Definitely off-limits to all public search engines and all members of the public for that matter are private databases, corporate and institutional sites that are locked behind firewalls, passwords, and protective scripts.

However, some owners of chunks of the private web might be amenable to letting trusted users access their private parts, it’s just that the users don’t know the private data is there and the owners don’t know who to trust. Now, Peter Mork and colleagues at the Mitre Corporation in McLean, Virginia, have come up with a way to bring the two parties together. They have developed a way to publicize the existence of private web resources that draws on various summarization strategies and demonstrates a way to create a database summary, which they call a digest, that then becomes part of the announcement. They have then looked at the trade-off between the data owners’ desires to minimize disclosure of sensitive information and the searchers’ desires to maximize the accuracy of their searches.
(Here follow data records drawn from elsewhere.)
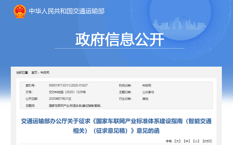 为落实《交通强国建设纲要》,加快自动驾驶和车路协同技术应用,推动国家车联网产业标准体系建设,交通运输部组织编制了《国家车联网产业标准体系建设指南(智能交通相关)(征求意见稿)》(以下简称《指南》),拟联合工业和信息化部、国家标准化管理委员会印发。现将《指南》送你单位,请研提意见并于2020年8月14日前反馈我部。
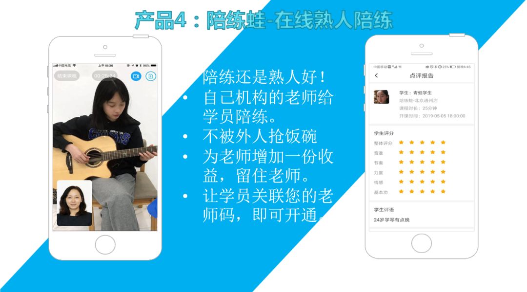 家长再有时间和精力,也无法代替专业老师的指点。也许在孩子刚开始的启蒙阶段,家长可以起到一定监督、引导作用。一旦孩子水平突飞猛进,家长会很难把控尺度与教学内容方面的专业性,这时可以考虑用一些真人在线陪练软件来解决问题。对于孩子来说,最好的陪练方式莫过于自己最熟悉的任课老师,无论是沟通、还是内容进度,对接起来更会加高效和专注,进步更快
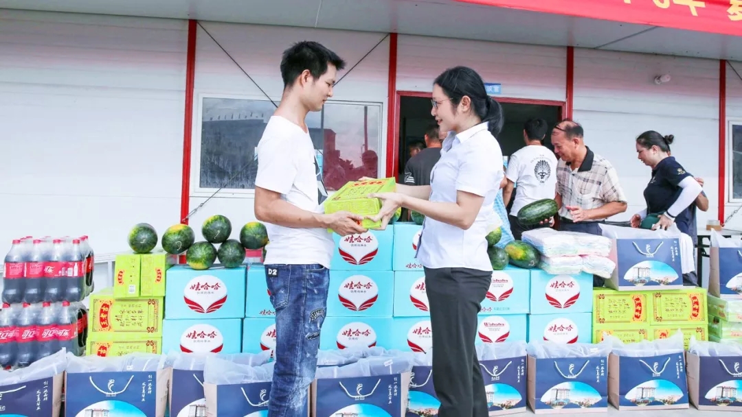炎炎夏日,酷暑難當(dāng)。為了確保施工項目工地員工清涼工作、安全度夏,創(chuàng)造一個清涼愉悅的工作環(huán)境,7月18日當(dāng)天,集團工會主席鐘麗霞代表公司為防城港市保稅物流中心(B型)項目部的員工送去一批清涼飲品。一片冰鎮(zhèn)的西瓜、一瓶清涼的飲料,把“涼爽”送到了每位一線員工的“心”上。切實把關(guān)心員工生活、關(guān)注員工健康工作落實到實處,為大家安全度夏提供有力的后勤保障。
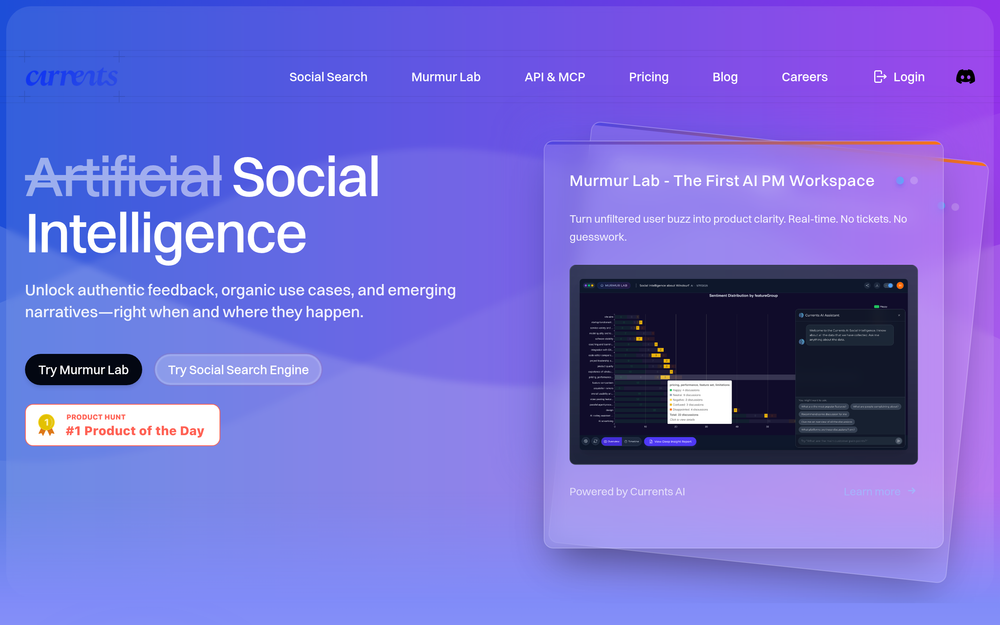 The platform offers two powerful tools: Murmur Lab, the first AI Product Management Workspace, and the Currents Search Engine, a real-time social search engine. These tools empower teams to move beyond guesswork and traditional, often slow, market research methods. By tapping into the "murmur" of everyday conversations, businesses can gain a competitive edge, identify niche opportunities, and foster genuine connections with their audience. Currents AI is built for those who understand that listening is not just a feature, but the foundation of successful product development and business strategy.
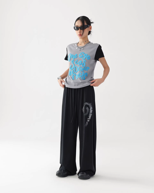 Stripe Crew Neck Zip Jacket / Wide Pants ACS0361
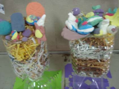 2年生は、図画工作科「すてきなパフェ」、算数科「かけ算」を行いました。「すてきなパフェ」では、自分なりの考えをお菓子で表現していました。
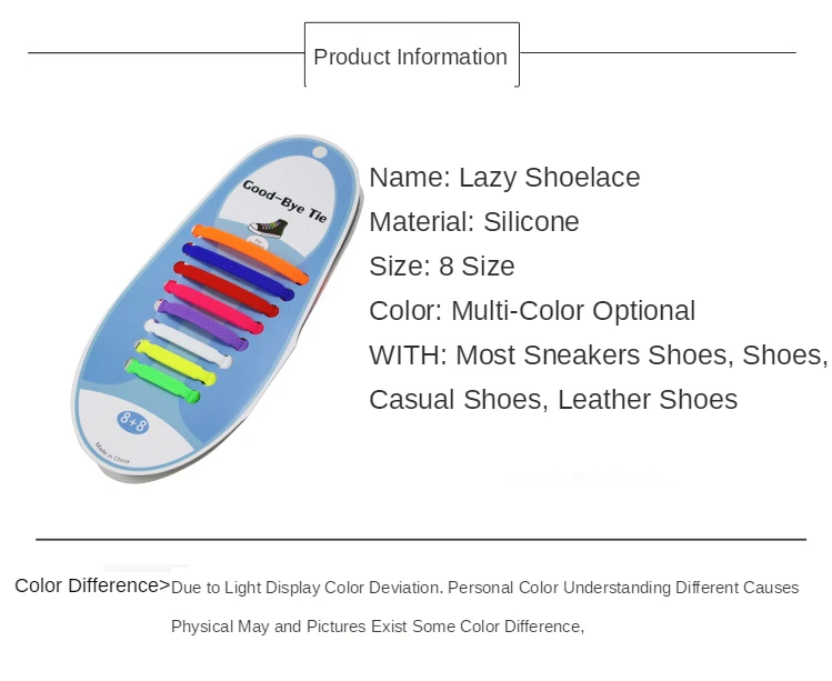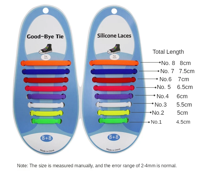Название продукта: шнурки для ленивыхМатериал: силиконЦвет: красный, желтый, фиолетовый, серый, коричневый, зеленый, темно-синий, розово-красный, черный, белый, небесно-голубой, оранжевый, смешанный цветУпаковка: пакет OPPСпецификация: 16 шт./упак.Применимый возраст: ВзрослыеСочетание: большинство спортивной обуви, бордовая обувь, повседневная обувь, кожаная обувьПодходящий Сезон: лето, зима, весна, осеньФункция: свободная системаОсобенности: общий шнурок обладает высокой прочностью на разрыв, его нелегко сломать, не нужно завязывать шнурки, его легче надевать и снимать
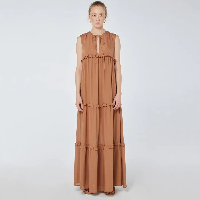 Akıcı katmanları ve zarif detaylarıyla zamansız bir tasarıma sahip bu maxi elbise, sade ama etkileyici bir şıklık sunarak çok yönlü ve sofistike bir görünüm yaratır.

As an example of the kind of private web Mork and colleagues are alluding to. Imagine a specialist in the spread of flu during an epidemic hoping to trawl medical records to figure out how many people might become infected, these are strictly off-limits to the general public and to most researchers for that matter? Or, what about an economist hoping to spot trends in stock market dealings to help warn of another credit crunch well before it happens? Again private deals, are…private, so they will have no access to that information. On the other, anonymized data might be available to help the specialist find data sources relevant to current research. Similarly, summarized data can point the economist to data relevant to his inquiry. But, these data can only be utilized if they can be found.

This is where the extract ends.